Gaining independence helped build Webb’s confidence. His life approached normal again. Friends took him to restaurants or movies and other outings.

One day in a Morgan Hill Safeway store as Webb rolled along getting groceries, a man walked toward him and gave him a thumbs up.

“Right after that moment, I realized he has a prosthetic leg on. And I’m like ‘wow,’” Webb recalled. “He comes to my wheelchair and gives me a hug and for the next 30 minutes we talked all about his prosthetic.”

Morgan Hill resident David Rummens had been wearing his prosthetic for 35 years. He showed Webb how he could run down the aisle. He even took the leg off by pushing a button.

“We had collected a crowd of people who were curious about the whole prosthetic thing,” Webb said.

By early December, Webb’s leg had healed and shaped enough for him to go to the next stage. The prosthetist made a mold to create the artificial leg. He put a sleeve on the stump area of Webb’s leg, wrapped it in cellophane and cloth and placed a roll of a substance on the leg that hardened to form the mold.

Webb came back Friday that week and Casanova put on the holster that would carry his prosthetic. He saw his patient was eager to try out the new leg, and so he placed on the limb a prosthetic with a temporary foot attachment.

“It fit like a glove,” Webb said. “I stood up and started to cry at first. I was so overjoyed because I was standing. I was holding on at first — then I turned loose. I threw my hands in the air. I was just standing there.”

Holding onto a railing, he started taking little steps. Tears of joy broke from his eyes. “It was just amazing that after 10 months, I was actually walking.”

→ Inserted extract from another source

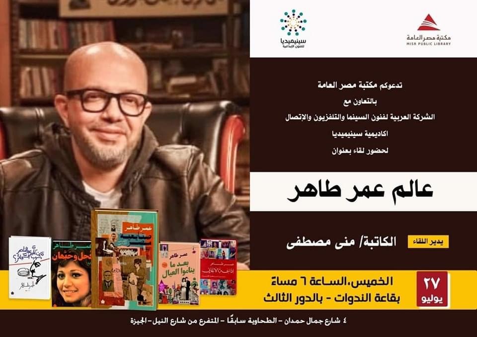 تستضيف مكتبة مصر العامة بالجيزة، في تمام السادسة من مساء يوم الخميس المقبل الموافق 27 يوليو الجاري، ندوة ولقاء تحت عنوان “عالم عمر طاهر” بحضور الكاتب عمر طاهر لمناقشة وتوقيع أعماله، والحديث عن مسيرته الإبداعية.

A week later, Dec. 15, Webb returned with his nephew and took his first proper steps with the prosthetic, balancing himself on the walker. After the visit, a friend took him to Ladera Grill for a celebration of his achievement. With caution, he stepped out of the car while leaning on his walker.

“I got to the curb and I wondered what I was going to do. And I found it wasn’t hard to get up the curb,” he said. “And I walked up the handicapped ramp into the restaurant. It was so uplifting to be able to sit down in a regular chair and just sit there.”

Webb feels confident that in less than three months, he will be walking on his prosthetic without use of a walker. The past 10 months have been a challenge, but he hopes his experience is also a lesson for people dealing with their own health hardships.

“Don’t give up. Don’t give up,” he insisted. “Trust in God because He will make everything OK. Don’t sit around and think just because you lost your foot that life is over. Persevere.”